Thirty thousand people hit the streets in Kiev's Independence Square in Ukraine on Sunday to protest the country's leadership.
The protesters are calling for constitutional reform to limit President Viktor Yanukovych's power.
The rallies started in November after the president agreed to a bailout from Russia rather than join the European Union. The demonstrations have gotten violent because of clashes with police.
"For people who live here it's really rather worrisome and troubling. They can't really predict what the future is going to be like for them," said URI professor Nicolai Petro.
URI Political Science Professor Nicolai Petro is currently studying in Ukraine. He says even if the political issues are addressed more need to be done.
"Mainly, that there are two cultural identities that need to learn to respect each other. One is Russian and one Ukraine," said Petro.
Members of the St. Michael's Ukrainian Orthodox Parish and St Michael the Archangel Ukrainian Catholic Church, both located in Woonsocket, are praying for their loved ones overseas.
"Even though we are born here we follow the events in Ukraine, we have and we always felt very much Ukrainian," said Debora Sirko-Osadsa.
Sirko-Osadsa is a member of the Ukraine Orthodox Church.
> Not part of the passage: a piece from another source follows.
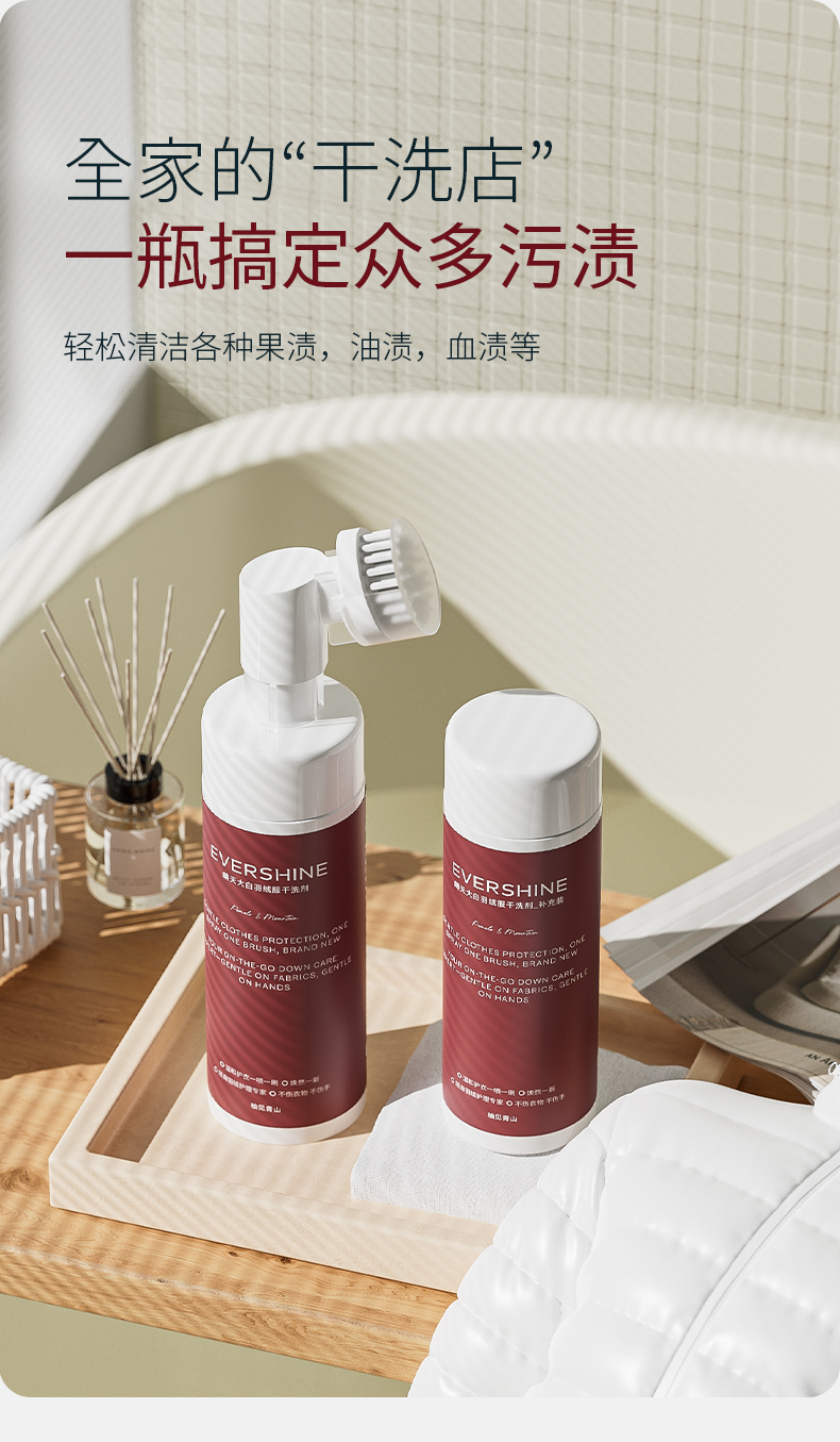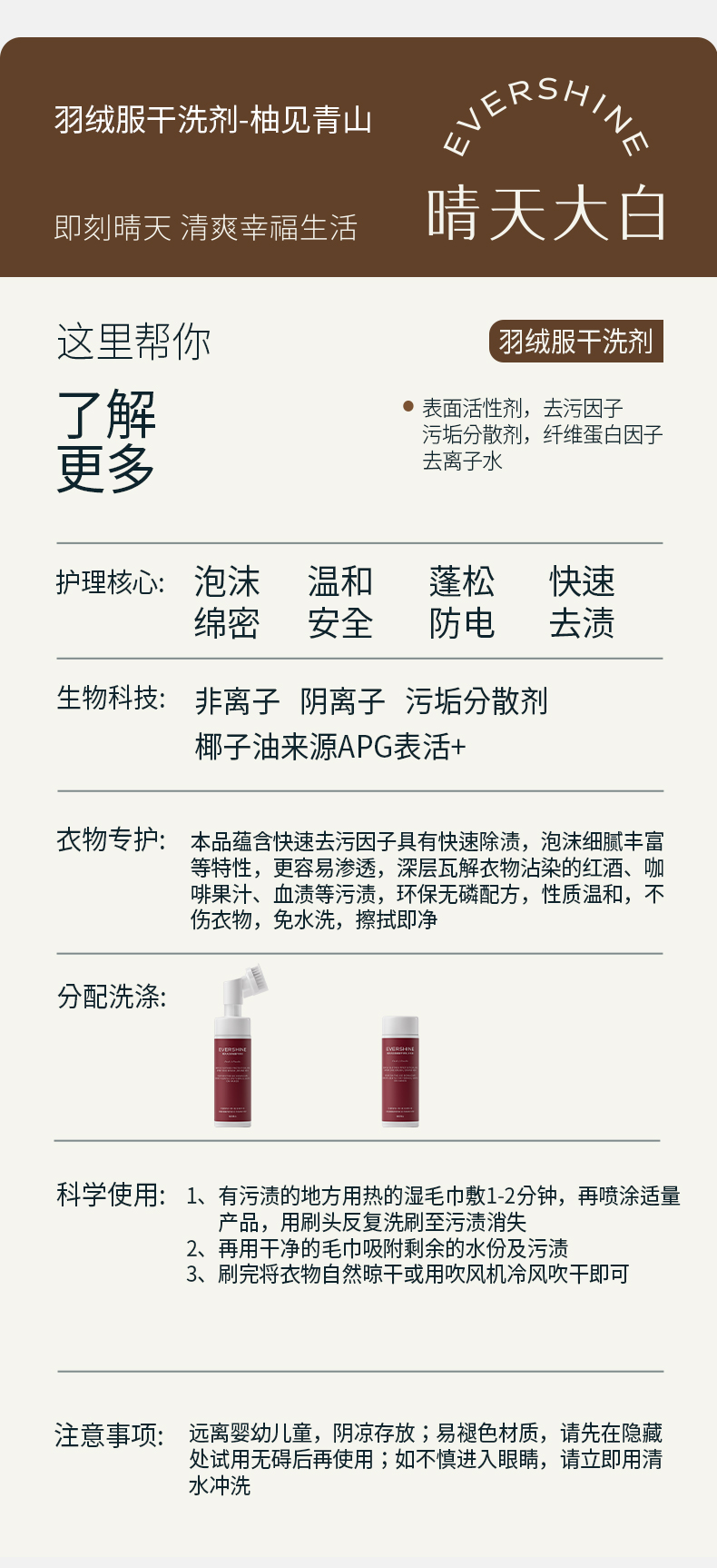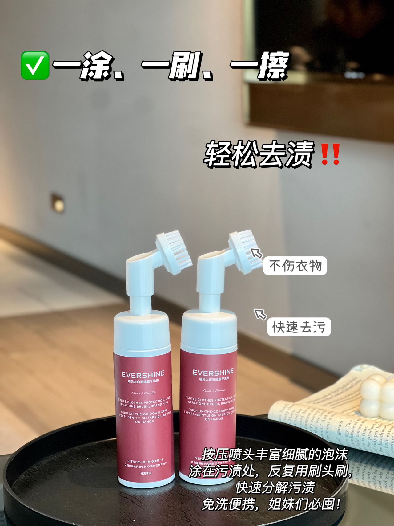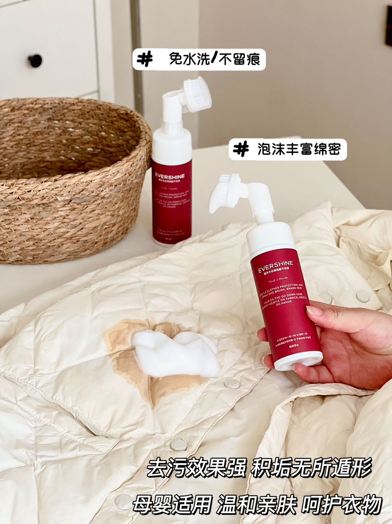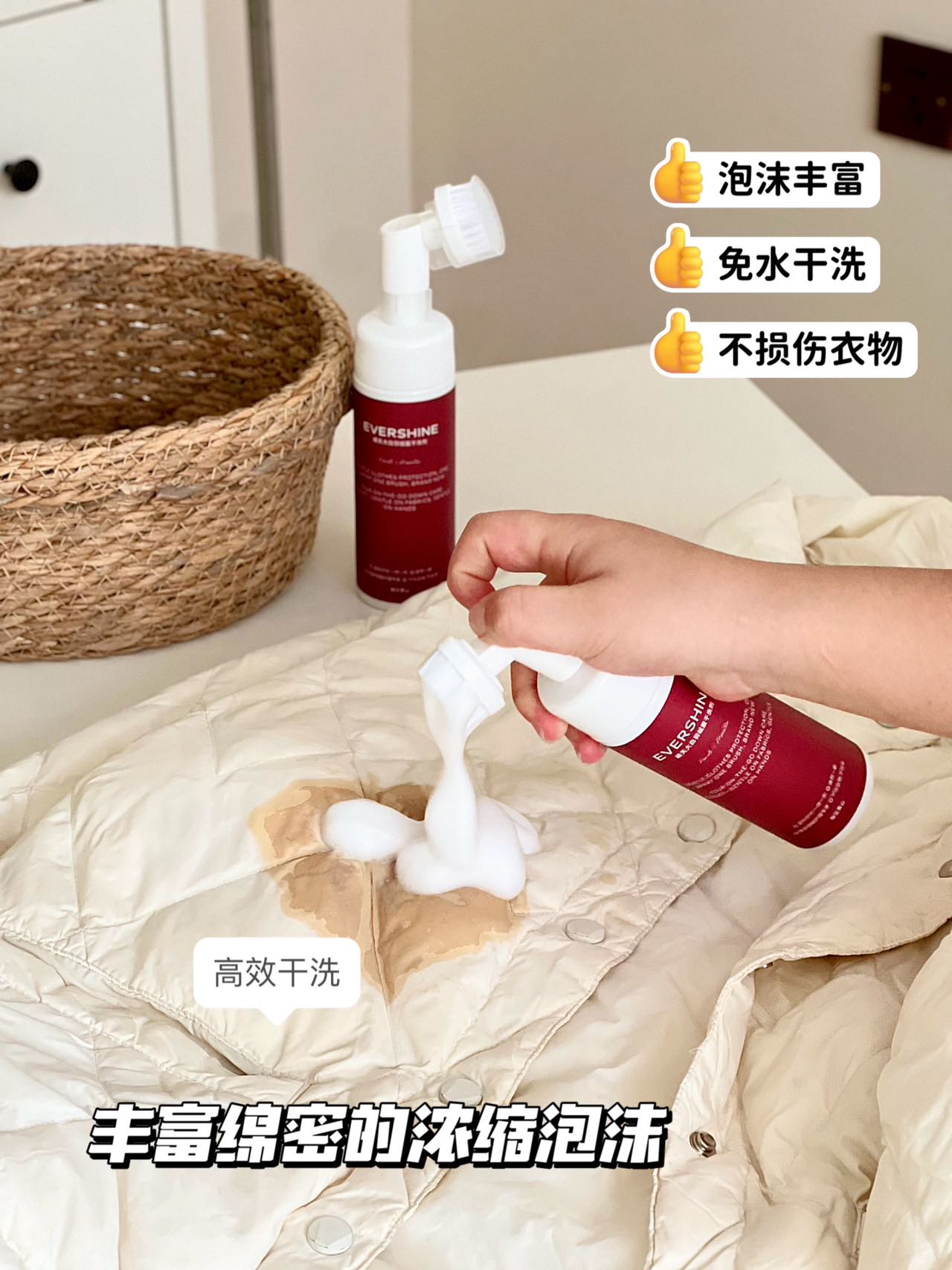 免水洗的羽绒服干洗剂🔥【EVERSHINE羽绒服清洁剂-柚见青山】自带软毛刷头,30秒干洗羽绒服不留痕❗️一喷一刷一抹省时省力,轻松还你全新羽绒服👍
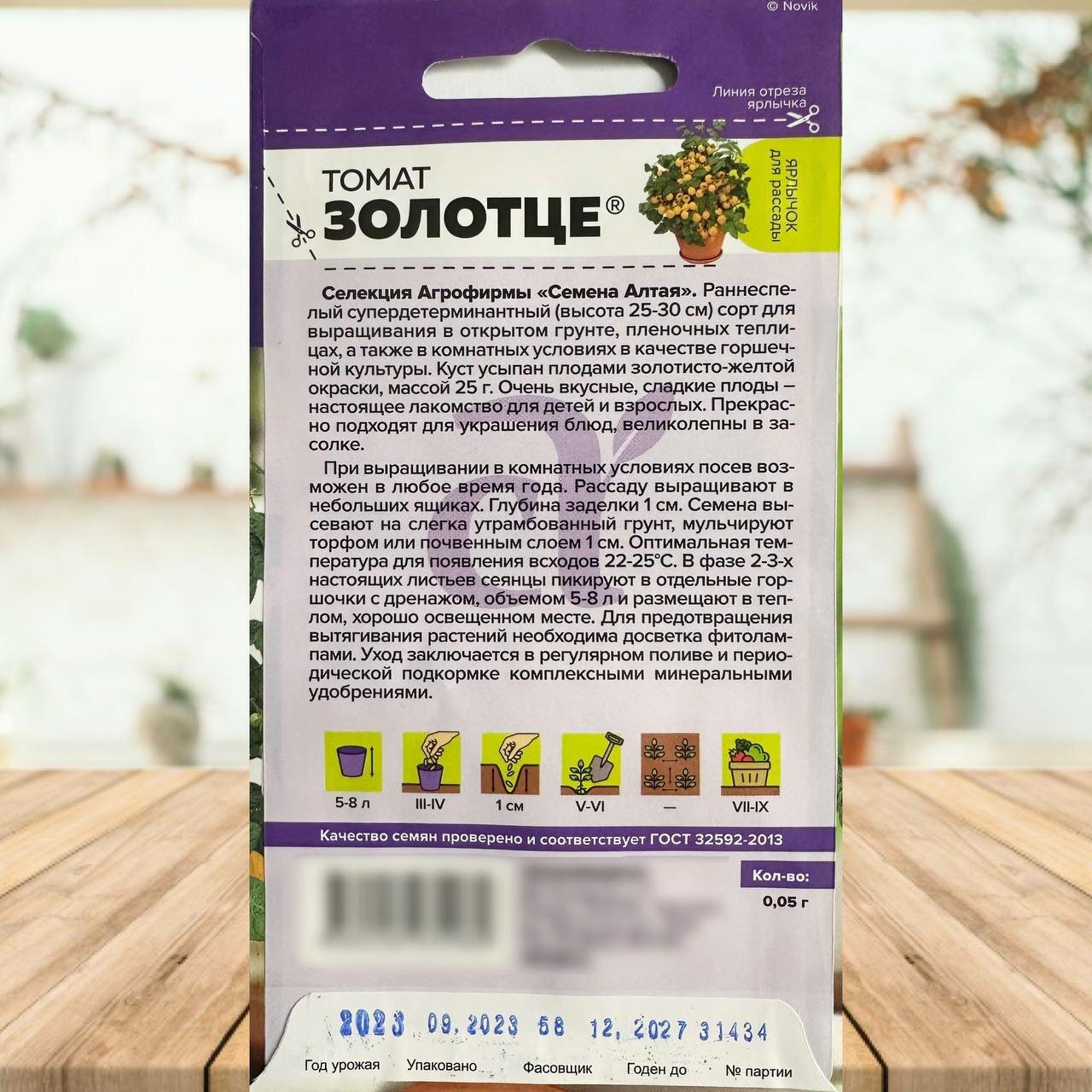 | Комплектация | В наборе 2 упаковки с семенами: Томат Золотце урожай на окне - 0,05 гр. в пачке; Томат Комнатный Сибиряк урожай на окне - 0,05 гр. в пачке. |

Her husband Cornel Osadsa is a member of the separate Ukraine Catholic Church.
"I think everyone I know has at least three different news websites book marked on their browsers so they can go from one to another," said Cornel Osadsa.
The couple has friends and distant relatives still in the country and are worried for the protesters.
"You don't know when you'll wake up in the morning and see that Yanukovych has said Army move in," said Cornel.